A while back I also imagined that if you compile the expression once, just like a user-written 2*x + 1 for instance, then that should compile away anything about any data structures and just be assembly math, so insanely fast. To that end, I looked at packages like GitHub - SciML/RuntimeGeneratedFunctions.jl: Functions generated at runtime without world-age issues or overhead, but for lots of expressions generated dynamically, the compile time overhead nullified any possible benefits. But if I missed something, I’d be more than happy to learn!

1 Like

I created a small package here:

The README happens to conclude with an example expression whose type is a singleton type, meaning it is completely in contained in the type domain. NB: that example depends on the fact that the relevant operations are also of singleton type.

Probably gonna register this soon, after checking off some of the to-dos.

1 Like

Package announcement:

Very cool package. I’m playing around with it, and the ideas are interesting.

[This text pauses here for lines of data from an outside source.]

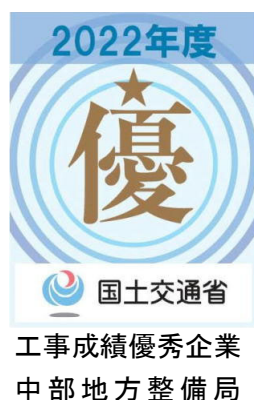
図－1 シール等での使用デザイン

認定企業は、中部地方整備局及び事務所が発注する土木工事（営繕、港湾空港工事は除く）における総合評価落札方式の資格審査の評価項目として加点されます。（詳細は、「工事調達における総合評価落札方式の運用ガイドライン」等による）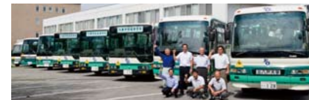
学生の通学を支えているスクールバスと運転手のみなさん

塩釜線、七戸・おいらせ線、三沢線、十和田線、十和田湖線、新郷・五戸線、川内線、南郷・市内線、階上線、二戸線、久慈線、軽米線、田子線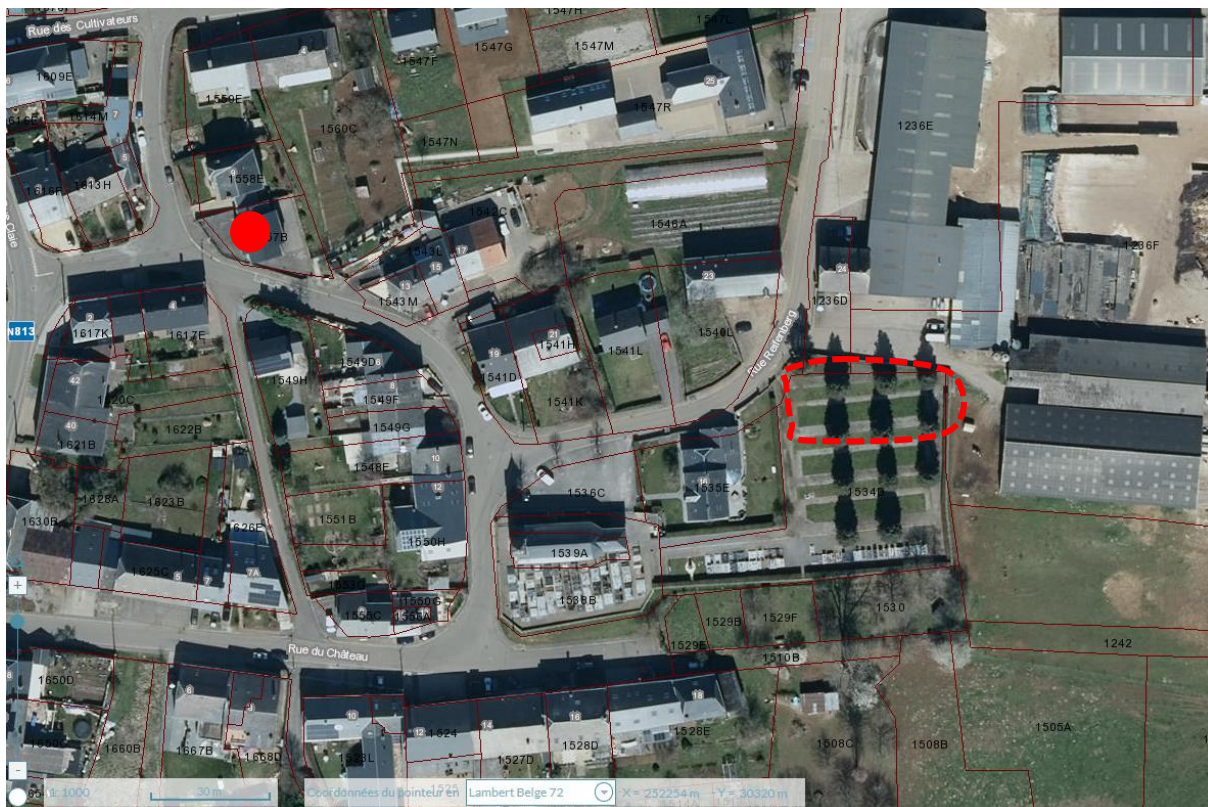
Localisation de la maison de village actuelle (point rouge) et localisation possible (en pointillés)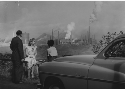
Blick auf die Völklinger Hütte, 1950er Jahre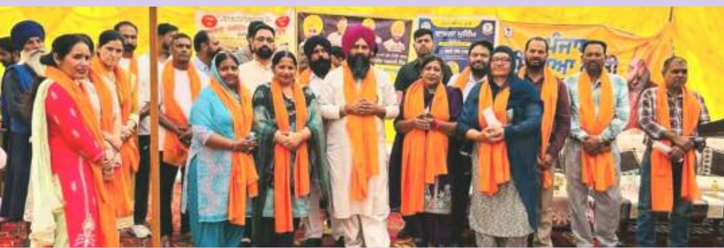
ਮੰਨਦੇ ਹੋਏ ਰਿਕਾਰਡ ਵਿਕਾਸ ਕਰਵਾਇਆ ਹੈ ਜਿਸ ਸਦਕਾ ਸਰਕਾਰੀ ਸਕੂਲਾਂ ਦੇ ਵਿਦਿਆਰਥੀ ਹਰੇਕ ਖੇਤਰ ਵਿੱਚ ਉੱਚੀਆਂ ਮੱਲਾਂ ਮਾਰ ਰਹੇ ਹਨ। ਉਨ੍ਹਾਂ ਕਿਹਾ ਕਿ ਸਿੱਖਿਆ ਕ੍ਰਾਂਤੀ ਸਾਡੇ ਸੂਬੇ ਦੀ ਤਰੱਕੀ ਦਾ ਆਧਾਰ ਬਣੇਗੀ ਤੇ ਸਰਕਾਰੀ ਸਕੂਲਾਂ ਚੋਂ ਪੜ੍ਹ ਕੇ ਆਮ ਘਰਾਂ ਦੇ ਬੱਚੇ ਵੱਡੀਆਂ ਉਚਾਈਆਂ ਨੂੰ ਛੂਹਣਗੇ। ਇਸ ਮੌਕੇ ਉਨ੍ਹਾਂ ਕਿਹਾ ਕਿ ਪੰਜਾਬ ਸਰਕਾਰ ਵੱਲੋਂ ਹੁਣ ਤੱਕ 54 ਹਜ਼ਾਰ ਨੌਜਵਾਨਾਂ ਨੂੰ ਸਰਕਾਰੀ ਨੌਕਰੀਆਂ ਪ੍ਰਦਾਨ ਕਰਕੇ ਕੀਰਤੀਮਾਨ ਸਥਾਪਿਤ ਕੀਤਾ ਗਿਆ ਹੈ। ਇਸ ਮੌਕੇ ਉਨ੍ਹਾਂ ਨੇ ਹੋਣਹਾਰ ਵਿਦਿਆਰਥੀਆਂ ਨੂੰ ਵਿਸ਼ੇਸ਼ ਤੌਰ 'ਤੇ ਸਨਮਾਨਿਤ ਵੀ ਕੀਤਾ। ਇਸ ਮੌਕੇ ਪਿੰਡਾਂ ਦੇ ਪੰਚਾਇਤ ਮੈਂਬਰ ਅਤੇ ਸਿੱਖਿਆ ਵਿਭਾਗ ਦੇ ਅਧਿਕਾਰੀ ਵੀ ਮੌਜੂਦ ਸਨ।

ਵਿਕਾਸ ਕਾਰਜਾਂ ਦੇ ਉਦਘਾਟਨ ਦੌਰਾਨ ਰੱਖੇ। ਉਨ੍ਹਾਂ ਸਰਕਾਰੀ ਪ੍ਰਾਇਮਰੀ ਸਕੂਲ ਸਤਨੌਰ ਵਿਖੇ ਚਾਰਦੀਵਾਰੀ, ਸਰਕਾਰੀ ਪ੍ਰਾਇਮਰੀ ਸਕੂਲ ਸਲੇਮਪੁਰ ਵਿਖੇ ਕਲਾਸਰੂਮ, ਸਰਕਾਰੀ ਪ੍ਰਾਇਮਰੀ ਸਕੂਲ ਕਿੱਤਣਾ ਵਿਖੇ ਚਾਰਦੀਵਾਰੀ ਅਤੇ ਸਰਕਾਰੀ ਪ੍ਰਾਇਮਰੀ ਸਕੂਲ ਮੋਰਾਂਵਾਲੀ ਵਿਖੇ ਕਲਾਸਰੂਮ ਦਾ ਉਦਘਾਟਨ ਕੀਤਾ। ਡਿਪਟੀ ਸਪੀਕਰ ਨੇ ਕਿਹਾ ਕਿ ਮੁੱਖ ਮੰਤਰੀ ਭਗਵੰਤ ਸਿੰਘ ਮਾਨ ਦੀ ਅਗਵਾਈ ਵਿੱਚ ਸੂਬਾ ਸਰਕਾਰ ਨੇ ਮਾੜੀ ਸਥਿਤੀ ਵਿੱਚ ਪਹੁੰਚੇ ਸਰਕਾਰੀ ਸਕੂਲਾਂ ਤੇ ਸਿਹਤ ਸੰਸਥਾਵਾਂ ਨੂੰ ਤਰਹੀਜ਼ੀ ਖੇਤਰ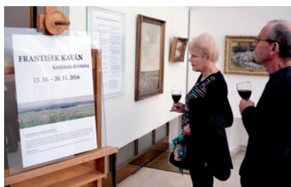
Vernisáž výstavy František Kaván – Krajinou domova .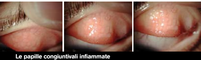
Le papille congiuntivali infiammate

Per le donne la causa molto spesso è da ricercarsi in un'intolleranza a trucco e cosmetici in generale, compresi quelli definiti ipoallergenici che non sono mai privi totalmente di allergeni. La semplice sospensione dell'applicazione del cosmetico irritante consente di ottenere il miglioramento dei sintomi.

I now think I did not mention some desiderata in the original design, which led me to include the forwards in my original example. Given you can evaluate an expression quickly, the actual problem to solve using that ability is to optimize paramaters in the expression using stochastic gradient descent. Now, Polish notation gives me helpful indices useful for referring to the output of every node in the expression, which will be needed when I do the reverse pass and backpropagate the gradients.

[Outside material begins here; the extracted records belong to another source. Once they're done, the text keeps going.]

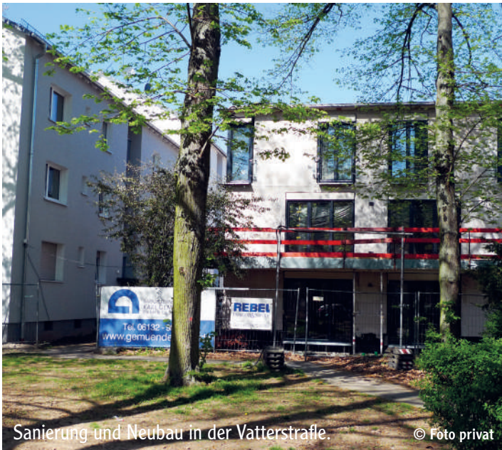
Sanierung und Neubau in der Vatterstraße.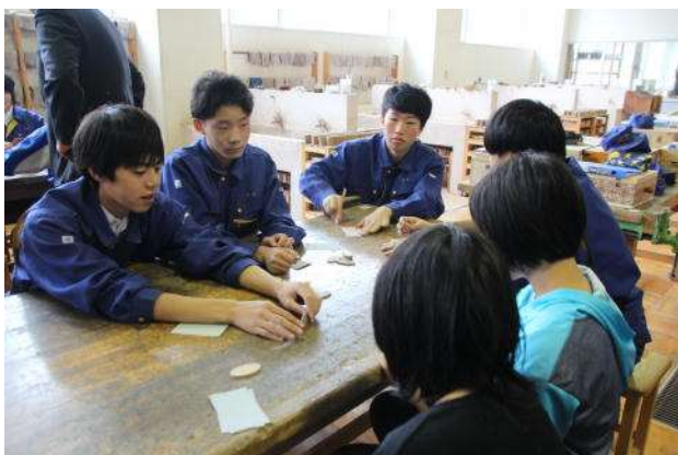
学校間連携（村内小中学校との連携授業）

※ その他、毎年、卒業前に卒業制作発表授業を行い、他学年との交流を深めています。また、インターンシップや一日体験入学、村内の小中学校との連携授業を通じた交流も行なっています。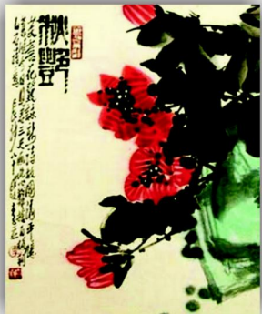
CHU FENG YIN CAO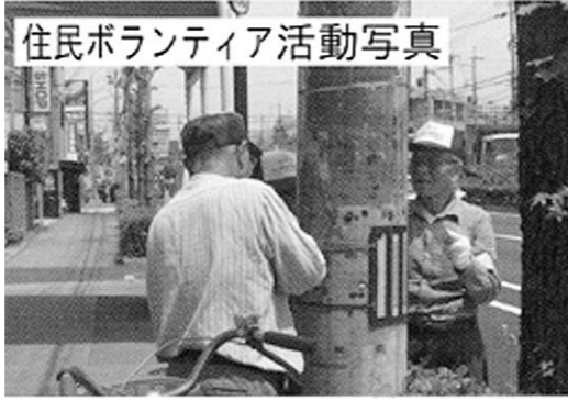
住民ボランティア活動写真

違反広告物を追放しよう! 【内容】 無償ボランティア 道路上の違反簡易広告物要綱で規定されているもので、人力で撤去可能なものを除却 市が開催する講習会を受講、活動は二人以上で、市が交付する「推進員証」を携帯し、腕章を着用、必要な道具(ニッパー、手袋等)を支給 活動中の事故に備えて、市がボランティア保険に加入 任期は認定後一年、以降は更新(申し込み) 八月二十九日金までに、都市計画課窓口にある申請書に必要事項を記入し、推進員名簿・活動計画書を添付の上、持参(市役所北館三階)または郵送(〒659-8501住所不要)で、都市計画課まちづくり・開発事業担当へ。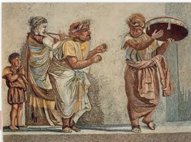
Бадзяжныя музыкі. Мазаіка. Віла Цыцэрона, Пампеі (II ст. да н. э.)

Багатыя грамадзяне трымалі ў сваіх дамах інструментальныя ансамблі або аркестры. Сваіх дзяцей яны навучалі спевам і ігры на музычных інструментах. У Рымскай імперыі была заснавана музычная школа.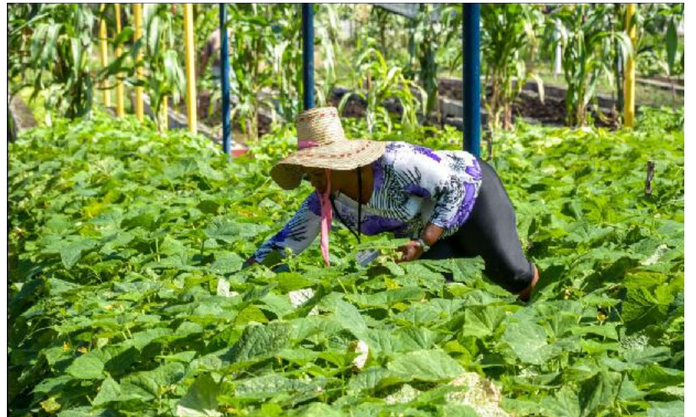
En este organopónico con 2 mil 100 metros cuadrados garantizamos la ensalada diaria para 800 trabajadores.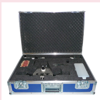
Valise de transport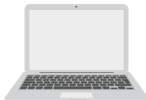
L'ordinateur portable avec les logiciels nécessaires installés.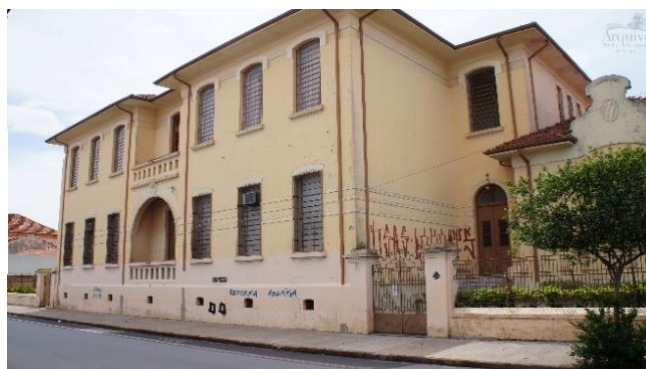
Figura 17 – Escola Estadual Irineu Penteadó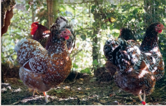
Wyandotte krielhennen: links roodporselein blauwgetekend, rechts roodporselein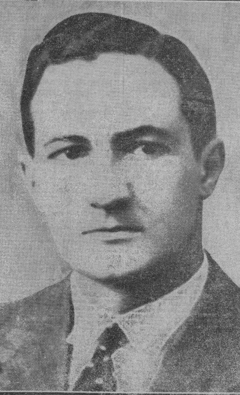
Don José Antonio de Aguirre y Lecube, alcalde de Guecho, alma de la Asamblea de los Municipios de Alava, Guipúzcoa, Vizcaya y Navarra, en la que se aprobó el Estatuto vasco

Don José Antonio de Aguirre y Lecube nació en el año 1904. Con sus veintiséis años es hoy una de las figuras políticas más destacadas del País Vasco. Aguirre ha sido el primer presidente de las Juventudes Católicas de Vizcaya. Sus dotes de organizador y su elevado espíritu constructivo han quedado bien patentes con el éxito de la Asamblea de los Municipios vascos y con su acertada intervención en Estella, donde supo hermanar ideales de distintos partidos políticos en pro de una unidad de acción que puede ser fructífera en todo el País vasco. Por iniciativa de los alcaldes de Muncada y Bermeo se prepara al señor Aguirre un homenaje popular.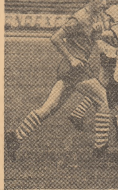
Clujanul Păuna, talonat de Custof, mai are două obstacole pînă la poarta adversă: Mîndruț (nr. 6) și Banciu.

In CallableExpressions.jl, my intuition given that the expression itself is now neatly packed into the types, the ability to locate and read/edit the outputs/gradient updates seems to be lost. Interested to hear your take on this.

Though I will try shoving one of your expression types through Zygote and will see what happens.

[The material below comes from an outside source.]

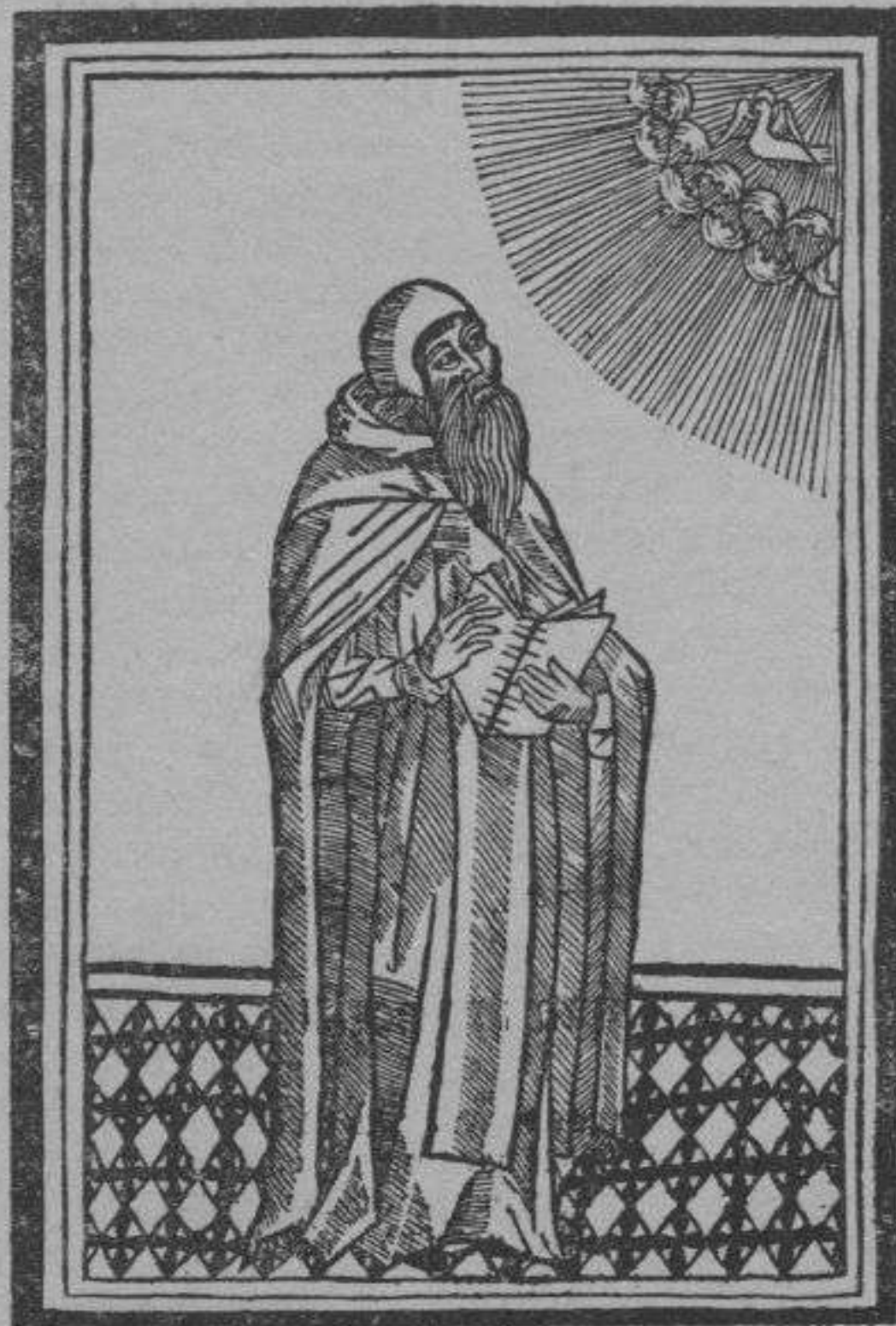
Reproducció de la portada del Apostrophe imprès a Barcelona l'any 1504.

En els dos anys qui correueren desde 1272 en que rebé aquella il·lustració divina origen del calificatiu de Doctor Il·luminat , fins a 1274, sorprén meravellósament la fecunditat del seu geni; car an aquella època s'ha de remuntar ja la composició o al manco la concepció dels esquemes d'una partida de tractats nous, essent dignes de menció el L. de Demostracions , la Lectura de la Art general , els Començaments de Teologia , de Filosofia , de Dret i de Medicina , el L. dels Articles , el L. dels Angels , el L. de Chaos , etc. que no eren més que aplicacions particulars de la Art Major .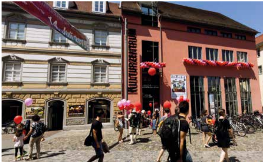
Bunte Luftballons für die Besucher

Ein Rückblick auf die Jubiläumsfeier am 14. Juli

EDIT: On my machine, the forward evaluation of the example expression in your README takes around 90ns, and finding the gradient of that using Zygote wrt x and y takes 25µs. An implementation like the one above measures 200ns on the forward evaluation, but only 600ns to calculate the gradient (also using Zygote, but separately on each node).

1 Like

I studied your code some more and wrote a way to get the polish notation into the type system as well. The difference is that I can also maintain the output of every node. The overall weakness of these approaches seems to be a quickly growing compile time, 16 nodes already take 70ms on my machine just for the compilation, which mostly offsets the crazy speeds you can get later.

The code:

struct ProgEnd end
struct Term{next,value,ix} end
struct Variable{next,name,ix} end
struct Unary{next,op,ix,childix} end
struct Binary{next,op,ix,lchildix,rchildix} end


# binary tree:     exp(x) + y
# polish notation: + exp x y
pend = ProgEnd()
p = Binary{pend,+,1,2,4}()
e = Unary{p,exp,2,3}()
v2 = Variable{e,:y,4}()
v1 = Variable{v2,:x,3}()

function evalexpr!(::Vector{Float32}, ::ProgEnd, subs)
end

function evalexpr!(fwds::Vector{Float32}, ::Binary{next,op,ix,lix,rix}, subs) where {next,op,ix,lix,rix}
    @inbounds fwds[ix] = op(fwds[lix], fwds[rix])
    evalexpr!(fwds, next, subs)
end

function evalexpr!(fwds::Vector{Float32}, ::Unary{next,op,ix,lix}, subs) where {next,op,ix,lix}
    @inbounds fwds[ix] = op(fwds[lix])
    evalexpr!(fwds, next, subs)
end

function evalexpr!(fwds::Vector{Float32}, ::Term{next,value,ix}, subs) where {next,value,ix,}
    @inbounds fwds[ix] = value
    evalexpr!(fwds, next, subs)
end

function evalexpr!(fwds::Vector{Float32}, ::Variable{next,name,ix}, subs::NT) where {next,name,ix,NT<:NamedTuple}
    @inbounds fwds[ix] = subs[name]
    evalexpr!(fwds, next, subs)
end

fwds = zeros(Float32, 4)
data = (; x=2, y=3)
evalexpr!(fwds, v1, data)
# on my machine, 3ms to compile, 10ns to evaluate

It’s easy to get AD in there as well, but that adds another 100ms to compilation times! For now, I think this is as good as it gets. I’d love to know more julia internals, the compiled output for math expressions is so simple that I feel I should be able to jump in at some levels lower than julia code, and in that manner avoid some of the compilation overhead.